Analysis of gene expression
The cells were collected and shock-frozen in liquid nitrogen and ground with mortar and pestle (both heat-sterilied and then precooled) before extracting total RNA using Universal RNA Purification Kit (Roboklon, Germany). In case of leaf material, total RNA was isolated using the SpectrumTM Plant Total RNA Kit (Sigma, Deisenhofen, Germany) following the protocol of the producer. Gene expression was analysed at different time points after the incubation with 200 μM AlCl3. The extracted RNA was treated with a DNA-free DNase (Roboklon, Germany) to remove potential contamination of genomic DNA. The mRNA was transcribed into cDNA using the M-MuLV cDNA Synthesis Kit (New England BioLabs; Frankfurt am Main, Germany) according to the instructions of the manufacturer.

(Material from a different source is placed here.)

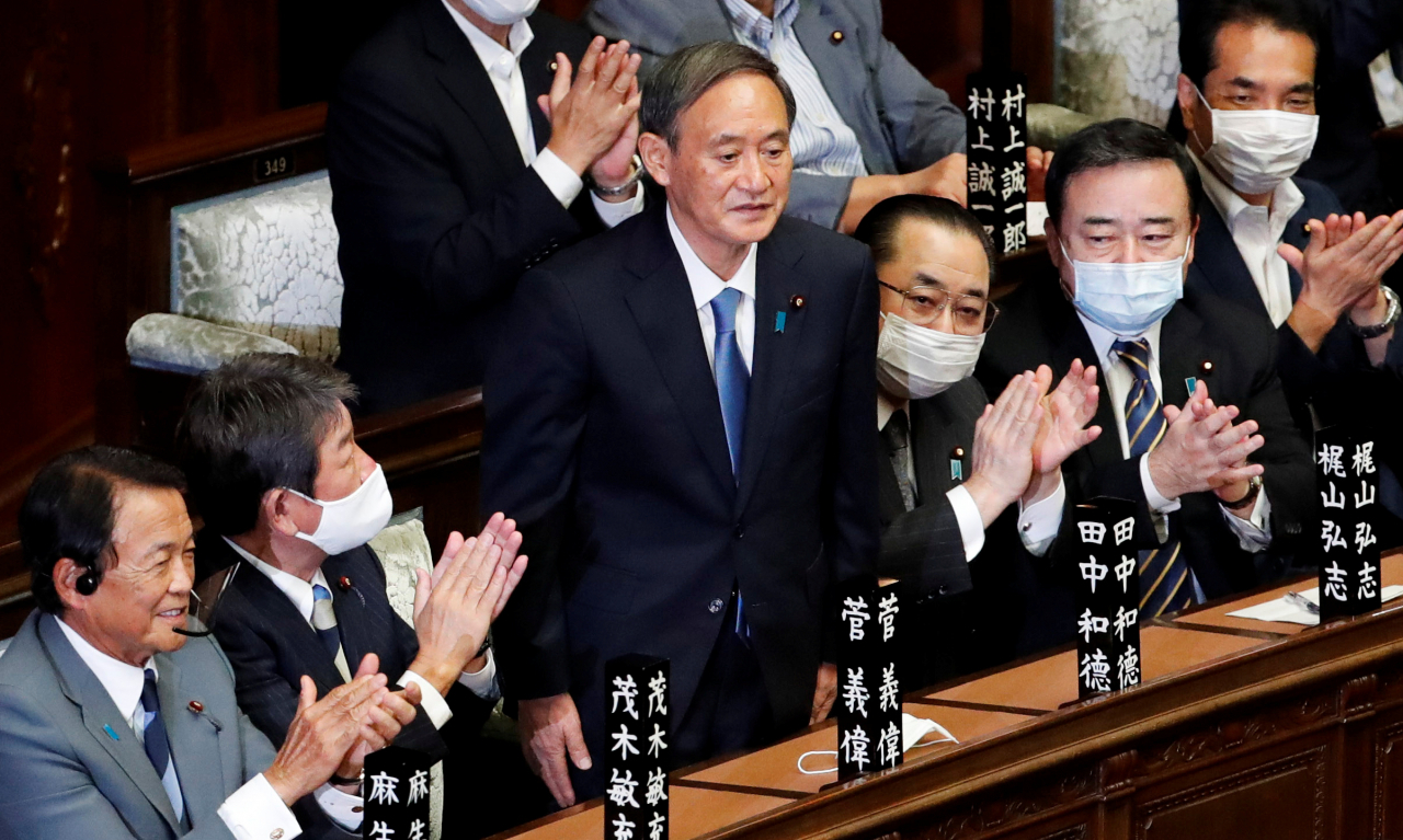 일본의 집권 자민당 스가 요시히데 총재가 16일 도쿄 중의원에서 새 총리로 선출된 직후 의원들의 박수를 받으며 자리에서 일어서 있다. [연합] |

Steady-state transcript levels of the selected genes (PAL ,RS , STS , MYB14, PR1 and ICS ) were measured by quantitative real-time PCR (qRT-PCR) as described in Duan et al. (2015) using the oligonucleotide primers and PCR conditions given in Supplemental Table S1 . To compare the transcript levels between different samples, the Ct values from each sample were normalised to the value for the EF-1α internal standard obtained from the same sample. These normalised Ct values were averaged over each technical triplicate. The difference between the Ctvalues of the target gene X and those for the EF-1α reference R were calculated as follows: △Ct(X) =Ct(X)–Ct(R). The final result was expressed as 2–△△Ct(X). Each experiment was conducted in three biological replicates, i.e. independent experimental series.